A sociologist’s view

The last person I talked to was Camosun sociology teacher Peter Ove. I approached him with a lot of “why” questions about our obsession with weight and looks, hoping to gain a deeper understanding of body-image issues within people, especially women.

I have had several friends with extreme body-image issues and eating disorders. I, along with countless other girls and women, struggle with being happy the way I am. Ove says that from the moment we are born, we’re given expectations to live up to with the simple words, “It’s a girl.” We are encouraged to think about ourselves as being women and being feminine.

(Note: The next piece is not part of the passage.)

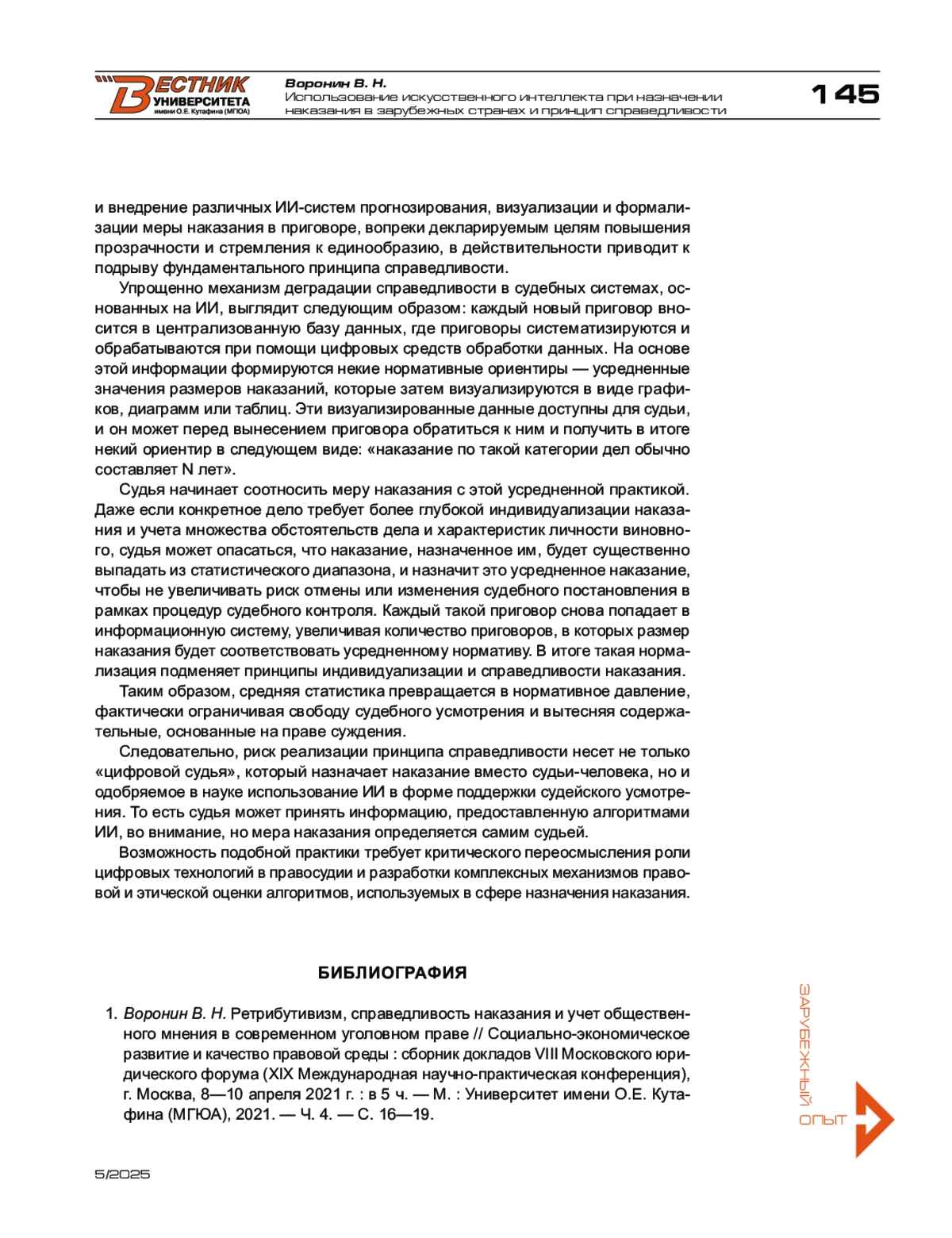1. Воронин В. Н. Ретрибутивизм, справедливость наказания и учет общественного мнения в современном уголовном праве // Социально-экономическое развитие и качество правовой среды: сборник докладов VIII Московского юридического форума (XIX Международная научно-практическая конференция), г. Москва, 8-10 апреля 2021 г.: в 5 ч. - М.: Университет имени О.Е. Кутафина (МГЮА), 2021. - Ч. 4. - С. 16-19.

“From that early age, women are constantly encouraged to think about themselves in relation to their appearance, which brings us back to eating disorders, how they look at themselves, and the disproportionate emphasis that society places on women’s appearances, as opposed to men’s appearances,” he says.

Ove suggests that a possible reason for this thin-female obsession has to do with a patriarchal society where men still hold the vast majority of the dominant positions. Because of this, women seem more favourable when they take up less space. This theory is used as an argument to prove why weight and body shape affect women and girls so much.

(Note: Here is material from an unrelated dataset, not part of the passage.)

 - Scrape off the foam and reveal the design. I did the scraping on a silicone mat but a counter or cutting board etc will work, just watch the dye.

Ove also points out that media is a main contributing factor. It has a significant influence, one that people can’t hope to escape. So often we see movies, TV shows, music videos, and advertisements that feature women being praised for their beauty, which is validated by their relationships with men.

Ove says that by experiencing these stories that the media puts out for us to see, we’re not immediately affected in an obvious way. Each individual absorbs different information at different rates, and eventually we cannot avoid its influence because it’s so deeply ingrained.

Ove says to think about television sitcoms and what we see on them. We witness young and attractive women together with middle-aged, sometimes out-of-shape men.

“We see this dynamic all of the time where it’s okay for the men to not look as good, according to our societal standards, as the women,” says Ove.

Companies and corporations are starting campaigns that support women of all shapes and sizes, stating that we’re all beautiful. But Ove realizes that they are missing the whole point.

“These kinds of messages, like, ‘You’re beautiful too, even though you’re not super thin,’ still put too much emphasis on the value of women related to their appearance and not related to their skill set or to them as a person,” he says.

As we try to support and comfort women of all body sizes, it’s still about looks and all about weight. We should be celebrating women for the talents, ambitions, personalities, and traits that make them unique as people and as contributors to society, not for their numbers on a scale.

A sad truth: this is unlikely to happen. Not only does it benefit corporations who are selling us products for us to feel bad about ourselves, but this flaw of only accepting and placing value on women for their appearance was the same 100 years ago and long before that. The only thing that has changed is what our society considers beautiful.

Ove says that there’s “not a simple solution to making women feel better about themselves; it’s just not going to be adequate.”

The unlikeliness of any solution is heartbreaking. I don’t want to see people struggle with their bodies anymore. How do we raise our children to respect everyone, despite their looks, and to put more importance on what that person has to offer?

Somewhere out there, Zoe Franke, Kaitlin, and other women like them imagine a better, thinner, more attractive version of themselves.

They want to be that better version, so they will diet, exercise, apply makeup, and curl their hair. Other women want it so bad they turn to starvation, laxatives, binging and purging, and repeating, just to feel acceptable in society.

And I sometimes feel hopeless that women will ever feel acceptable.